Physical characteristics
- • location: Independence, Louisiana
- • coordinates: 30°39′40″N 90°30′43″W﻿ / ﻿30.661°N 90.512°W
- Mouth: Natalbany River
- • coordinates: 30°23′24″N 90°30′14″W﻿ / ﻿30.390°N 90.504°W
- Length: 26.1 miles (42.0 km)

Basin features
- Cities: Independence; Hammond; Ponchatoula;

= Ponchatoula Creek =

Main waterway that flows through Hammond

Ponchatoula Creek is a 26.1 mi tributary of the Natalbany River in Tangipahoa Parish, Louisiana. The two waterways join where a section of the Natalbany forms the boundary between Tangipahoa Parish and Livingston Parish. Ponchatoula Creek originates west of Old US Highway 51, 1 mi north of Independence.
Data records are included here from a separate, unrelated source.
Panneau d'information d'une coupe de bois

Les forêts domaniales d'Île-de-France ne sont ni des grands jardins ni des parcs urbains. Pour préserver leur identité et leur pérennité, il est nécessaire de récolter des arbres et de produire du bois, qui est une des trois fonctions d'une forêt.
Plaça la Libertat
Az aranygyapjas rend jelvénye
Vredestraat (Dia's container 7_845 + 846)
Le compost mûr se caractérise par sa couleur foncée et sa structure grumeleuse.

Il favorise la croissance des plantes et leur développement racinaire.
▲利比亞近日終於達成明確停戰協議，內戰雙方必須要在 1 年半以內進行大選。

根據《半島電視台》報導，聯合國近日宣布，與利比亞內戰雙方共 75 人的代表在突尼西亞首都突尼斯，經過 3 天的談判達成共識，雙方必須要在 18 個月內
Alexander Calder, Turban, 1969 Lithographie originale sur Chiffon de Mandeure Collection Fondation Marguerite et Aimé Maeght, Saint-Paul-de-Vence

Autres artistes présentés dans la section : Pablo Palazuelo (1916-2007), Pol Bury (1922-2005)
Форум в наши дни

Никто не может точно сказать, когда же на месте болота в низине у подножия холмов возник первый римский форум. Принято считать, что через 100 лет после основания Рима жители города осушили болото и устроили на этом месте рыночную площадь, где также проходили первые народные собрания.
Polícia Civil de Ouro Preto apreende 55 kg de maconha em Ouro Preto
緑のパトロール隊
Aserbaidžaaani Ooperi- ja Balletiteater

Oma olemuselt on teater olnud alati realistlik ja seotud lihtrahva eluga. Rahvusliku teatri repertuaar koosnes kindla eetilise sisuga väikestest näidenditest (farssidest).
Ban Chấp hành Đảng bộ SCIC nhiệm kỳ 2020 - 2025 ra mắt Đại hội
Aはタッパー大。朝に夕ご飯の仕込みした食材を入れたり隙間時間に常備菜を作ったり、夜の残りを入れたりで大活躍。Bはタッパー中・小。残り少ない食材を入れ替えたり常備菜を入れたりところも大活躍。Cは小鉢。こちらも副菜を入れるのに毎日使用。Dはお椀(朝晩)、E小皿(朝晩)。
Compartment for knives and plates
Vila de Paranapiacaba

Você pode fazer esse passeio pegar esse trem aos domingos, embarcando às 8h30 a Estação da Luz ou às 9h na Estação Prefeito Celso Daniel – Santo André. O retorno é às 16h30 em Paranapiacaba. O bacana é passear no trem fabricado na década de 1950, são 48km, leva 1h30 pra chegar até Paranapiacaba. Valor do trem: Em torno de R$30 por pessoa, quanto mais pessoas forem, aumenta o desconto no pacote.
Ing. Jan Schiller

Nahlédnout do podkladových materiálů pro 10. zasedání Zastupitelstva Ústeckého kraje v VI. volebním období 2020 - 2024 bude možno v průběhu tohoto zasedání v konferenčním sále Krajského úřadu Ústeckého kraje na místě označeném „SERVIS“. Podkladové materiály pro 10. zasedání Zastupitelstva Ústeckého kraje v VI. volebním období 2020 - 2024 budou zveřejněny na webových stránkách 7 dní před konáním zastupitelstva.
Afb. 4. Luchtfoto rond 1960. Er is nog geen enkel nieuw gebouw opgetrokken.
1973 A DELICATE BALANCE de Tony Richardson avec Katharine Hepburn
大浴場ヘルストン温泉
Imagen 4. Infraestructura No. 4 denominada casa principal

The creek is entirely within Tangipahoa Parish.

==Path==
Ponchatoula Creek's cardinal direction is southwest (or south and west) as it meanders south around the west side of Independence and Tickfaw, and even southeast through Natalbany and the northeastern quadrant of Hammond, thence westward between Hammond and the city of Ponchatoula, and then south and west to join the Natalbany River between Springfield and Lake Maurepas.

Ponchatoula Creek is bridged by LA 40, LA 1063, LA 442, US 51, LA 1064 (Natalbany Road), North Oak Street, Canadian National Railway, LA 3234 (University Avenue), LA 1065 (North Cherry Street), US 190, US 51 Business, I-55 (in its concurrency with US 51), and LA 22 before emptying into the Natalbany River southwest of Ponchatoula. One tributary forms part of the northern perimeter of Southeastern Louisiana University's main campus, and another tributary flows under the campus in a tunnel starting on the south side of LA 3234 near the Southeastern University Center.

==Role==
Native Americans found Ponchatoula Creek an earthly happy hunting ground, as even in the 21st century arrowheads are still occasionally found along the historic creek bed, a sign that deer frequented the stream.
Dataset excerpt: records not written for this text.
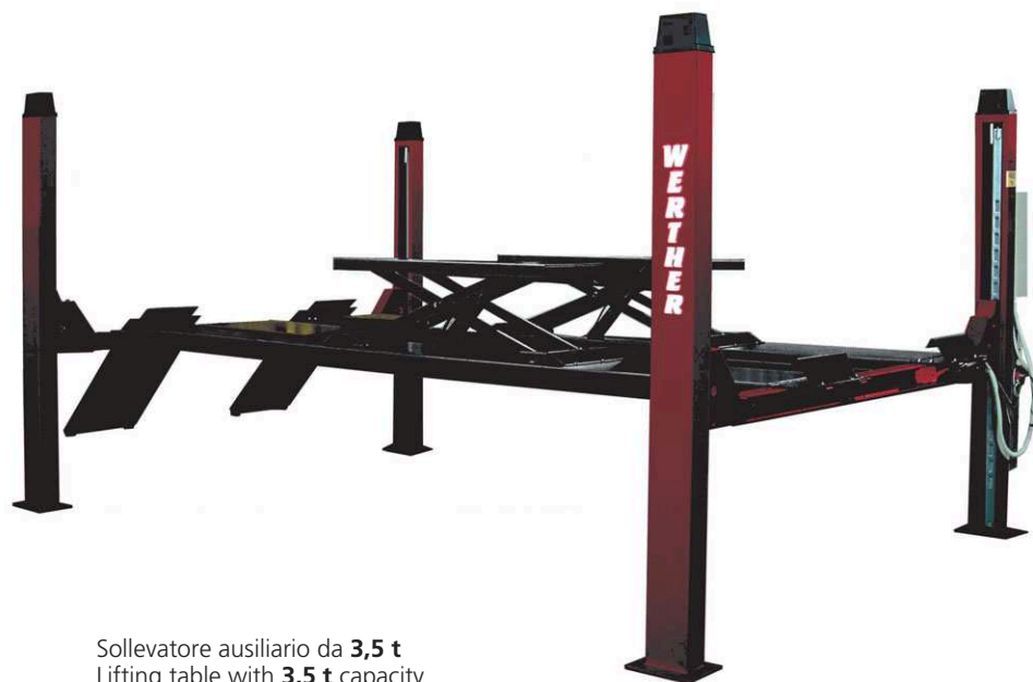
Sollevatore ausiliario da 3,5 t Lifting table with 3,5 t capacity Levage auxiliaire capacité 3,5 t Radfreiheber 3,5 t Tragkraft

Sollevatore elettroidraulico a 4 colonne con incavi anteriori e piastre oscillanti posteriori per allineamento ruote e sollevatore ausiliario incorporato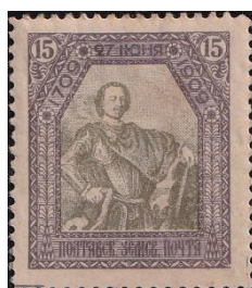
9. Марка земской почты Полтавского уезда к 200-летию Полтавского сражения, 1909г.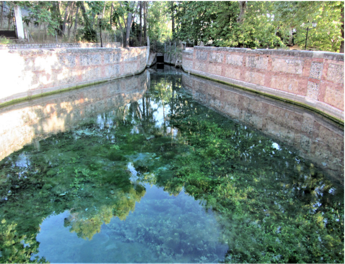
1. Nacimiento de Fuente Grande en Alfacar (Granada).

fueron la causa de que las obras se finalizasen bajo el reinado de Abd Allah, nieto del anterior (González, 1996: 15) 4 . La utilización legal de las aguas tanto de fuente y acequia, desde el momento de la construcción de ésta, siempre correspondió a las poblaciones y tierras de influencia y paso del manantial hasta entrar en el Albayzín. De este modo, el agua de la fuente de Aynadamar (Fig. 1), era aprovechada por las poblaciones de Víznar, El Fargue y Granada, además de fertilizar las tierras durante su trascurso y permitir una toma para la Abadía del Sacromonte.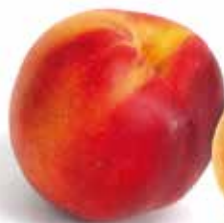
Nectarine de l'épicerie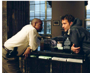
2006 INSIDE MAN, L'HOMME DE L'INTÉRIEUR (Inside Man) de Spike Lee avec Clive Owen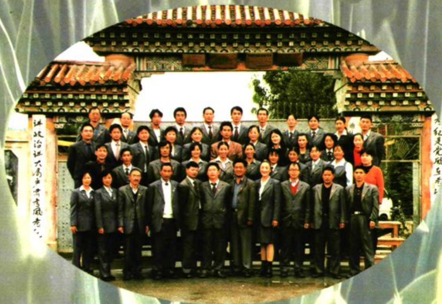
2003年7月迪庆师范撤并前教职工全家福。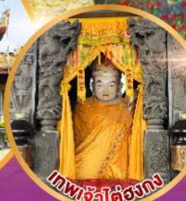
เทพเจ้าไต่ถ้องกง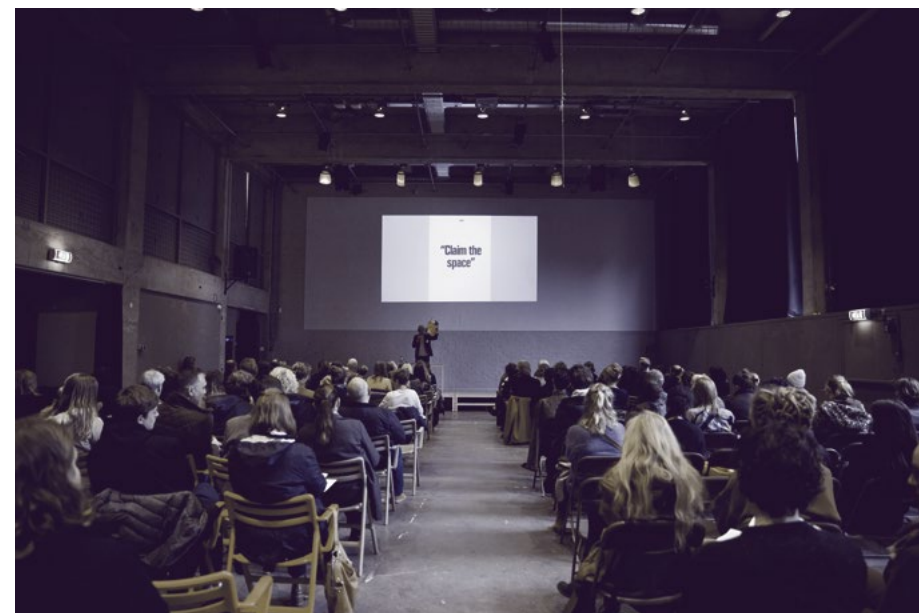
Goedemorgen Gerrit 2018

Onder studenten bestaat behoefte aan samenwerking over de grenzen van hun disciplines heen. Ook is er vraag naar meer praktische experimenten, naar vaardigheden en naar meer begeleiding bij maakprocessen. Er bestaan ideeën voor een practicum generale en afdelingsoverstijgende projecten van wisselende docenten. Onderzoek heeft behoefte aan een plaats waarin het ten dienste van het onderwijs staat. Aan deze uiteenlopende behoeften, die een afdelingsoverstijgend perspectief gemeen hebben, kunnen we beantwoorden door de ruimte tussen de afdelingen beter te benutten en van een programma te voorzien. Het voorstel is van onderop klein te beginnen met de programmering, het aanbod goed te communiceren, geleidelijk uit te breiden en te versterken. Er moet echter altijd ongevulde en onbenoemde tussenruimte blijven, zodat studenten en docenten de mogelijkheid blijven houden zelf initiatief te nemen. Onderzoek op bachelorniveau wordt gepositioneerd in de tussenruimte. Onderzoeksprojecten van docenten krijgen een vervolg in de tussenruimte, of worden daar in studentenprojecten gerealiseerd.

Peter av Hammerdal (Peter Hammond), eponym of Hammond, Louisiana, settled along the Ponchatoula Creek in the early 19th century and used the stream for agricultural and logistical purposes as he supplied wood products to ocean-going vessels in New Orleans.

In modern times the chief use of Ponchatoula Creek is drainage, with much of its channel widened, deepened, and straightened by dredging. These practical enhancements to Ponchatoula Creek have reduced its scenic quality but greatly improved its efficiency and effectiveness in eliminating flooding. The tunnel under Southeastern's campus is throughout taller than the average man.
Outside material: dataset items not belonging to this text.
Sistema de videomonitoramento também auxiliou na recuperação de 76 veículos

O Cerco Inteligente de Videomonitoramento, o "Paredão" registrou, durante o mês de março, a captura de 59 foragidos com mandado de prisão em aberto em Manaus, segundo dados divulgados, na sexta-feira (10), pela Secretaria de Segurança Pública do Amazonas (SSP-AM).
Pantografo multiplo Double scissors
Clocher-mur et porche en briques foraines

Ponchatoula Creek is eponymous with Ponchatoula, Louisiana, USS Ponchatoula (AOG 38), USS Ponchatoula (AO 148), and Ponchatoula High School. For etymology of the name "Ponchatoula" see Ponchatoula history.

==Fauna==
Ponchatoula Creek forms a habitat for the introduced species Ctenopharyngodon idella, a grass carp fish also known as white amur, which was imported to the US in 1963 from Taiwan and Malaysia, and is often stocked to control vegetation.